*** Block opens ***
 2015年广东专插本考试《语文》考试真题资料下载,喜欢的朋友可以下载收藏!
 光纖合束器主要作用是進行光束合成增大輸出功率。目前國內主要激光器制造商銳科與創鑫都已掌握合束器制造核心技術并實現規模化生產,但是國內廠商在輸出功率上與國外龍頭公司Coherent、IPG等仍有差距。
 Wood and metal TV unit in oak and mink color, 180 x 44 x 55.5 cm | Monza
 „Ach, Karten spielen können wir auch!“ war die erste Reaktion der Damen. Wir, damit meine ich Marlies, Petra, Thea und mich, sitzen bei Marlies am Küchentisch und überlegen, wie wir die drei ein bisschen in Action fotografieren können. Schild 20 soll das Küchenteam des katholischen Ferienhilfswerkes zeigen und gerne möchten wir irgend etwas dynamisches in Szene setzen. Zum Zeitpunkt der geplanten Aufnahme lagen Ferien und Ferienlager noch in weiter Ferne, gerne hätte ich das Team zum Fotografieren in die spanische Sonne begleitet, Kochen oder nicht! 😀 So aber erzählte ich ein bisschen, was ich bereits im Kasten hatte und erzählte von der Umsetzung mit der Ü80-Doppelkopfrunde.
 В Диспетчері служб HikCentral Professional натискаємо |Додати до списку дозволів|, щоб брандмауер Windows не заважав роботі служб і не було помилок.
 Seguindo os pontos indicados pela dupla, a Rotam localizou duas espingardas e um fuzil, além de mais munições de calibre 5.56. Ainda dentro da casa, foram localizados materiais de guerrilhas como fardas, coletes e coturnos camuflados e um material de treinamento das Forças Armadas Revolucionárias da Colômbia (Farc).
*** Block closes ***
*** Block opens ***
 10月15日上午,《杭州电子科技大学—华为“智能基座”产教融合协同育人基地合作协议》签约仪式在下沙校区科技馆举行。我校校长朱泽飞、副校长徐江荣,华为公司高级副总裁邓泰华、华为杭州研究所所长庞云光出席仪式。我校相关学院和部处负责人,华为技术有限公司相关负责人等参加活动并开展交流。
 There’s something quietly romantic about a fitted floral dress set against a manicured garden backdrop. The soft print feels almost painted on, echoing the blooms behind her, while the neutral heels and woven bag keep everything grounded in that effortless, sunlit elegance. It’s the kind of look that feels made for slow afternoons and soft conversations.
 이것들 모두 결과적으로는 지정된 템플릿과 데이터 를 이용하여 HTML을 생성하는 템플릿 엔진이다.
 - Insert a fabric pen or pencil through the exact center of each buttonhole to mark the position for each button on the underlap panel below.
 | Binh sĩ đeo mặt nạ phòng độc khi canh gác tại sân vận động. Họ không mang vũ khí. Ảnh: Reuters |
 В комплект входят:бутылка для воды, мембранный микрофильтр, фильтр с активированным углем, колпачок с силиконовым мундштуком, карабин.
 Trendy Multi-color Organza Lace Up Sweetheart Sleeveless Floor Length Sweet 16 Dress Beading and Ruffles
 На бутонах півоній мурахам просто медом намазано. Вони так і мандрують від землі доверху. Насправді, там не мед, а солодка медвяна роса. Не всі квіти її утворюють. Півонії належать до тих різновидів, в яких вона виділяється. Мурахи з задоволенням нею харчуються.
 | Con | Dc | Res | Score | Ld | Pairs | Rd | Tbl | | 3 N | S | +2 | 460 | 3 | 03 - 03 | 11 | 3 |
*** Block closes ***
*** Block opens ***
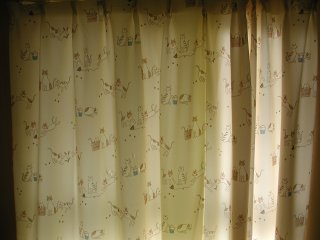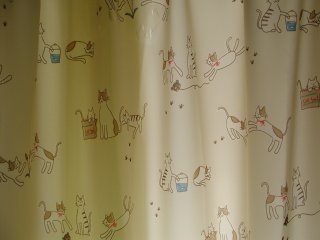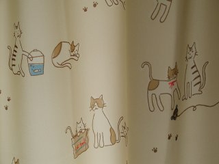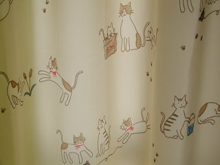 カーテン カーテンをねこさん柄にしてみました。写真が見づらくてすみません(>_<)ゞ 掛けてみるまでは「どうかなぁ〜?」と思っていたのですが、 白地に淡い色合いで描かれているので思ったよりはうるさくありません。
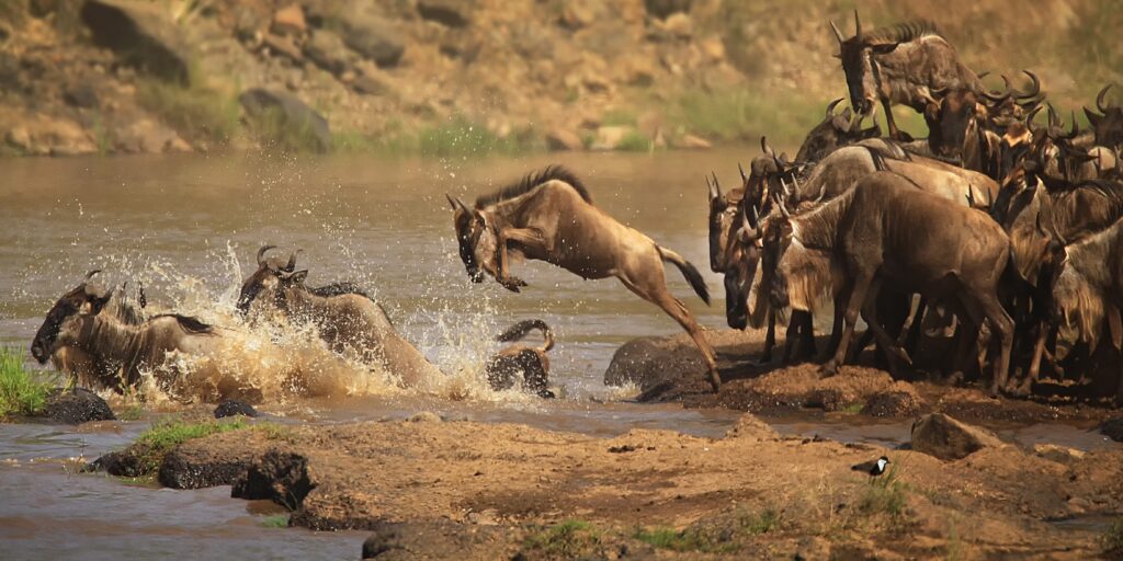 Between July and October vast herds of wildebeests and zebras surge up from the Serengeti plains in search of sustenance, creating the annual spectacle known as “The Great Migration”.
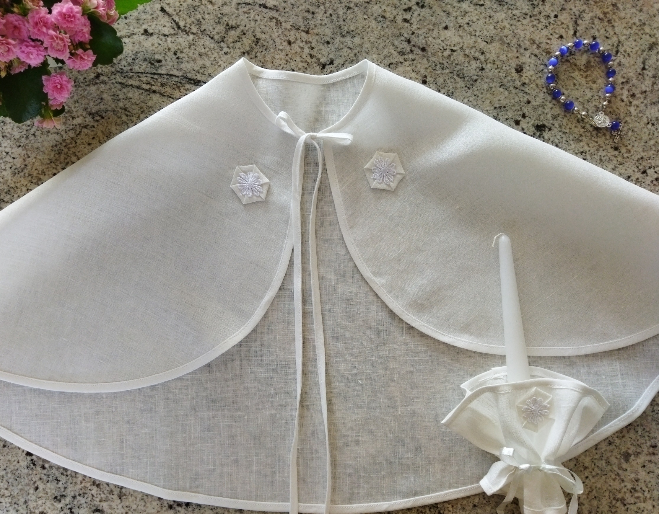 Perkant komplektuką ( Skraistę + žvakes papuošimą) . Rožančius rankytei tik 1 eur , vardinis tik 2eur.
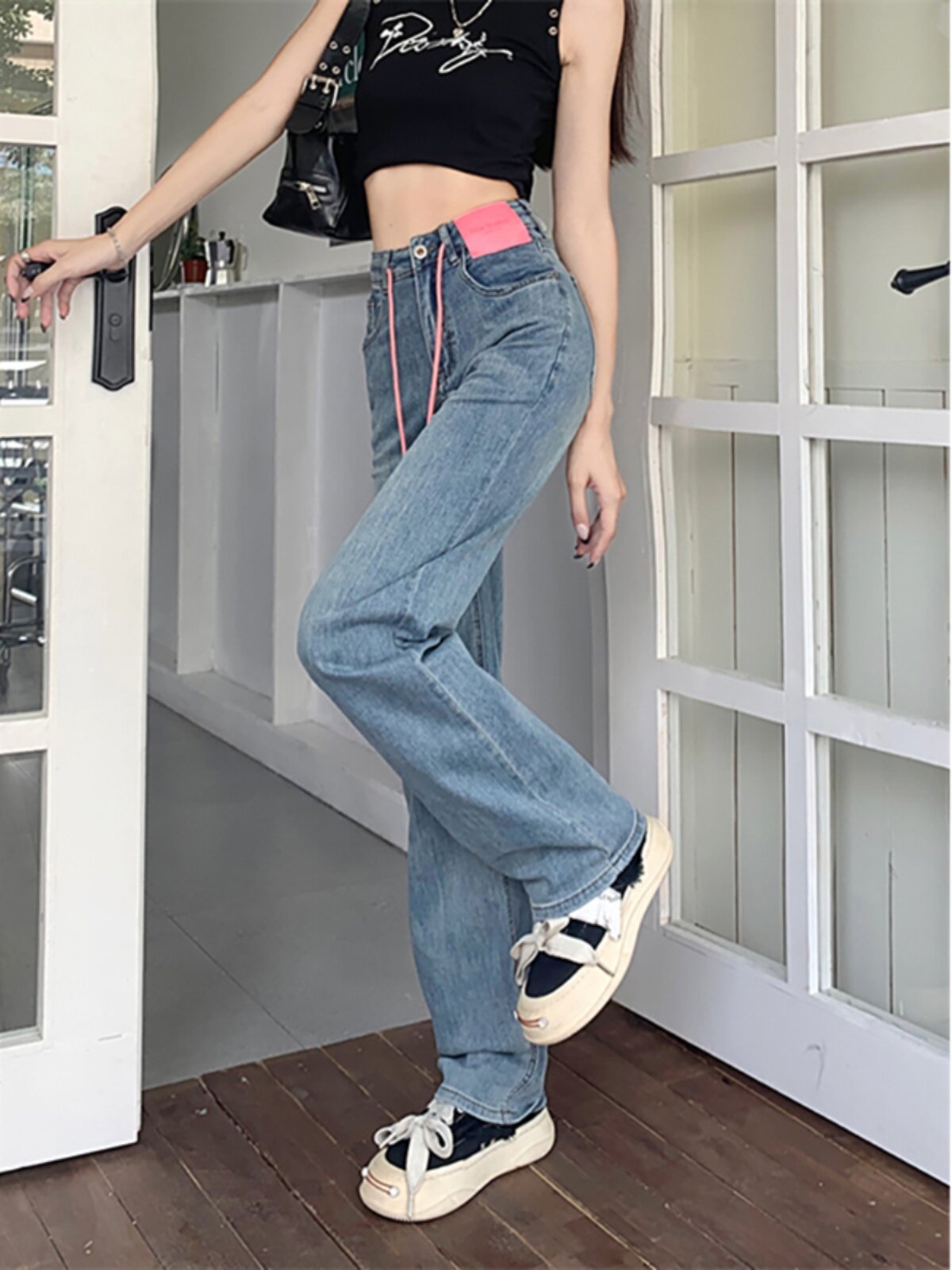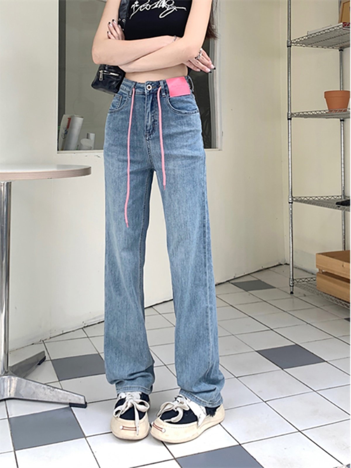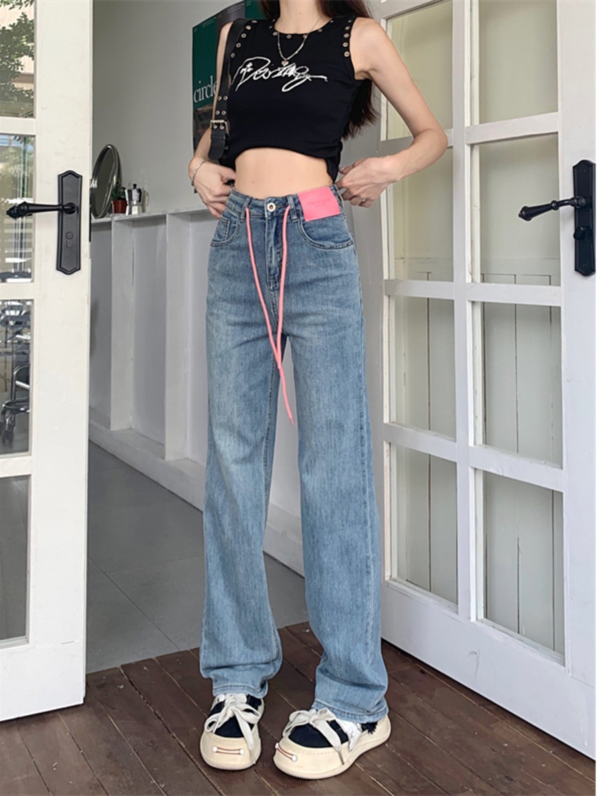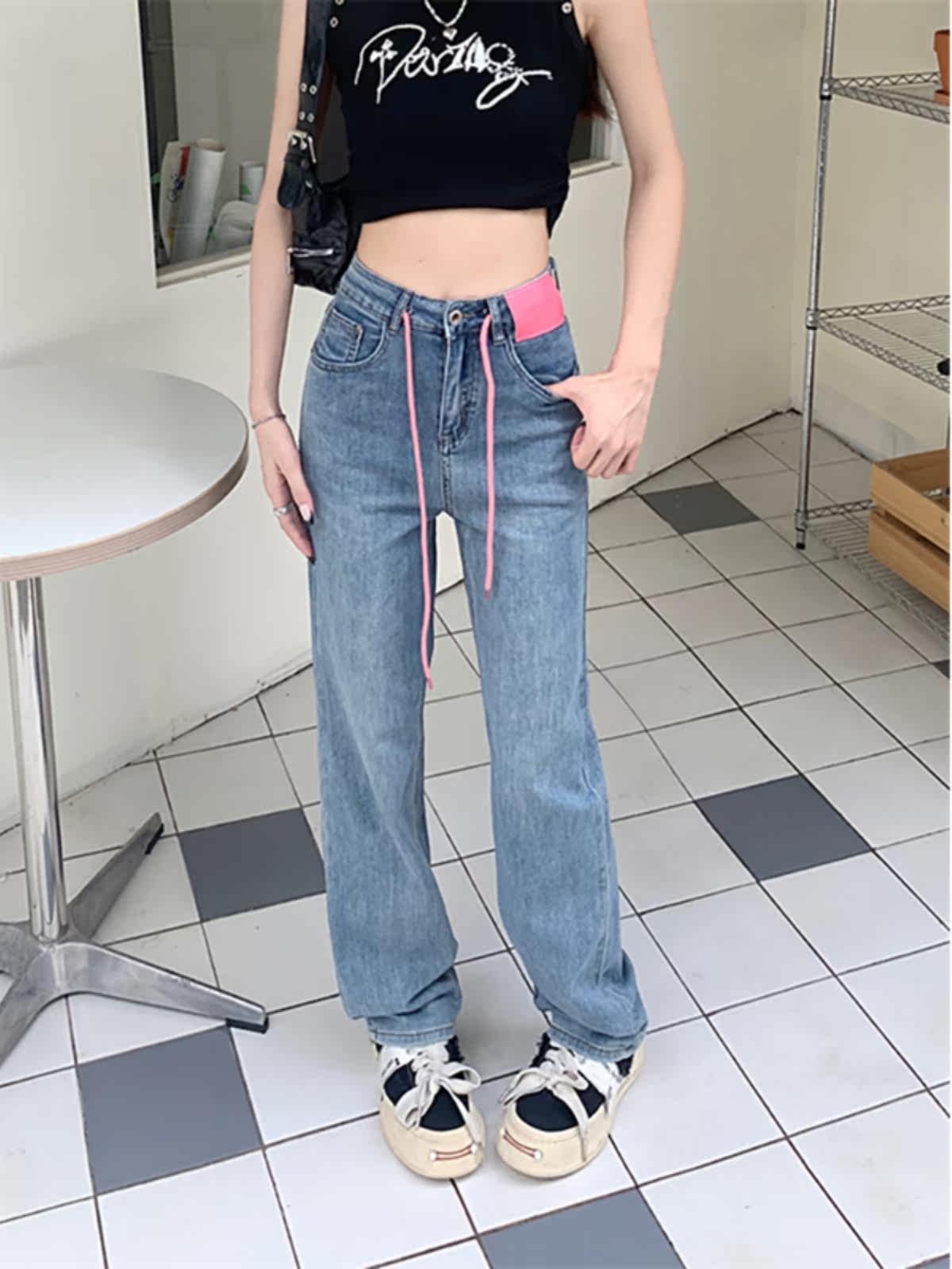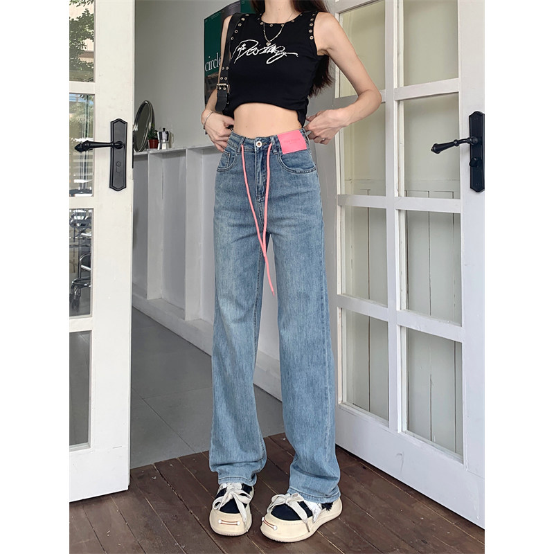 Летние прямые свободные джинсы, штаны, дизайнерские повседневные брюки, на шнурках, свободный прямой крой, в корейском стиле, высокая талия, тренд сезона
*** Block closes ***
### WHAT THIS TASK INVOLVES
Reproduce only the lines above spanning from the line containing "이것들 모두 결과적으로는" through the line containing "Ảnh: Reuters |", word for word.

### SOLUTION TO THIS TASK
 이것들 모두 결과적으로는 지정된 템플릿과 데이터 를 이용하여 HTML을 생성하는 템플릿 엔진이다.
 - Insert a fabric pen or pencil through the exact center of each buttonhole to mark the position for each button on the underlap panel below.
 | Binh sĩ đeo mặt nạ phòng độc khi canh gác tại sân vận động. Họ không mang vũ khí. Ảnh: Reuters |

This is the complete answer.